### Recorded data
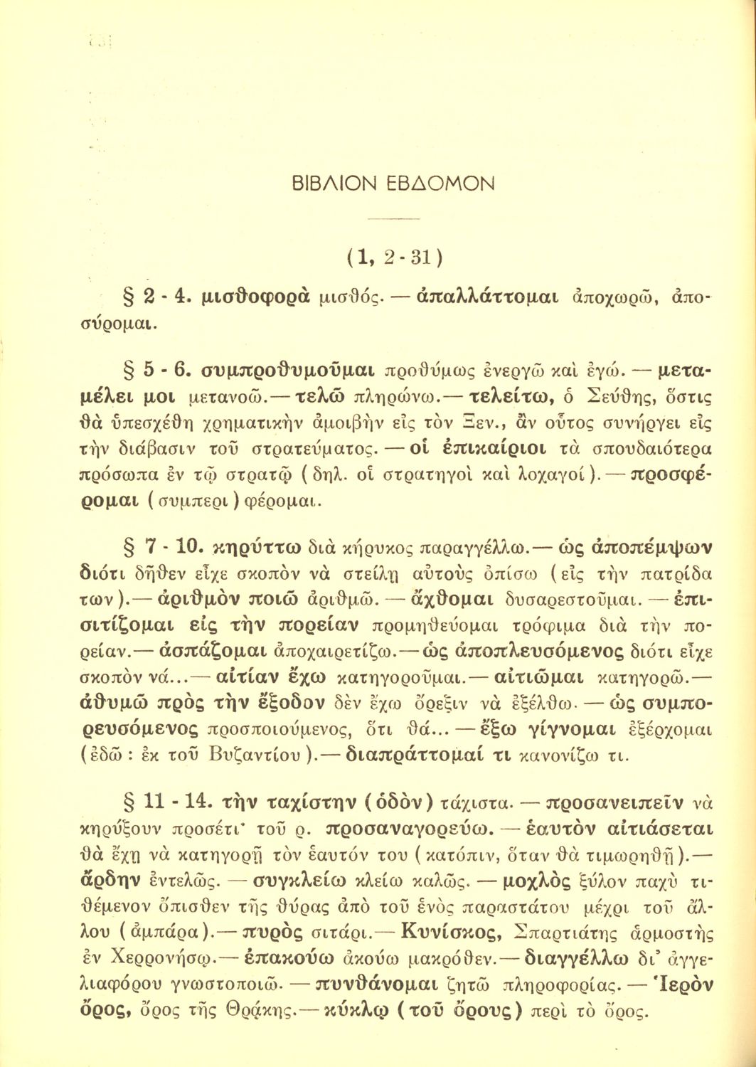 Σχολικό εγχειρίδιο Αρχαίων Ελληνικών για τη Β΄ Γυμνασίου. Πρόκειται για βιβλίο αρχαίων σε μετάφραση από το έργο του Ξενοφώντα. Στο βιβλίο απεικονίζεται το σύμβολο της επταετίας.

==

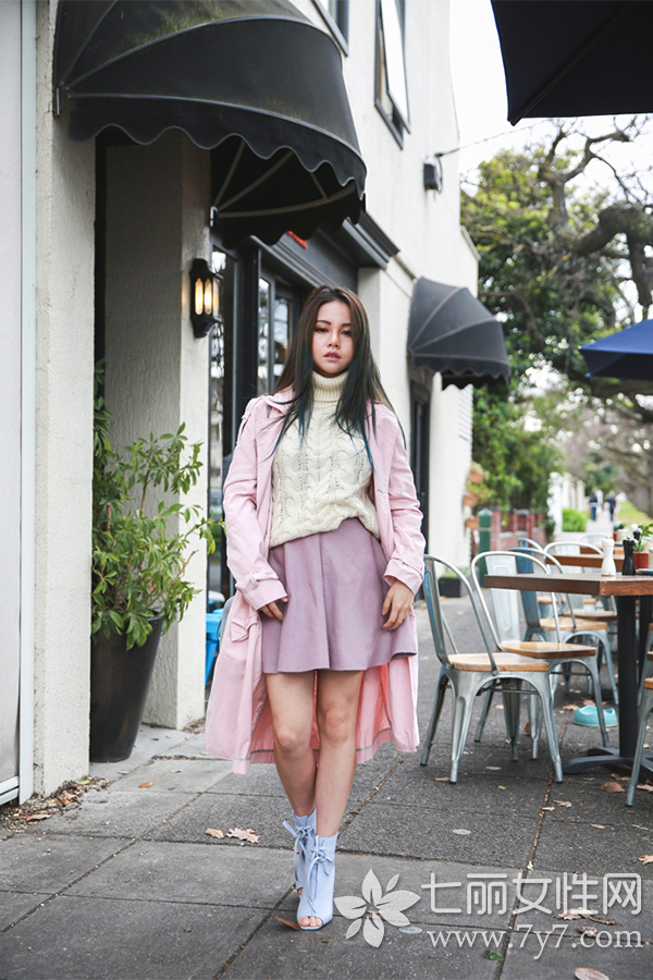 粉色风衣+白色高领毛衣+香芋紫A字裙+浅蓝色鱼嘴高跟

==

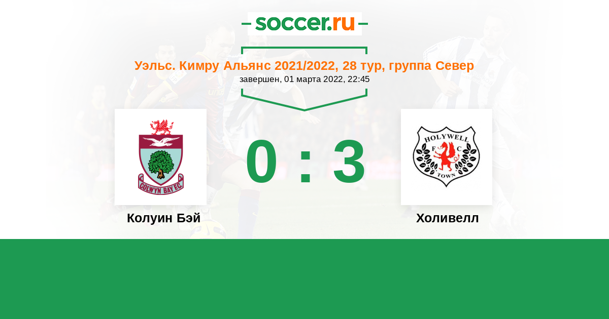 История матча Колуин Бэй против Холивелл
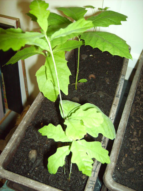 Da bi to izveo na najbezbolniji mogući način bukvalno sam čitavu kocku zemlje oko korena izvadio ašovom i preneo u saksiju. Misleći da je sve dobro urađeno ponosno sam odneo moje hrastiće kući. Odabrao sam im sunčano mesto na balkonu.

### Assignment
Go back to the lines above and output, exactly as they stand, the ones from the line containing "История матча Колуин Бэй против Холивелл" to the line containing "Da bi to izveo". Leave all pictures behind.

### Answer section
 История матча Колуин Бэй против Холивелл
 Da bi to izveo na najbezbolniji mogući način bukvalno sam čitavu kocku zemlje oko korena izvadio ašovom i preneo u saksiju. Misleći da je sve dobro urađeno ponosno sam odneo moje hrastiće kući. Odabrao sam im sunčano mesto na balkonu.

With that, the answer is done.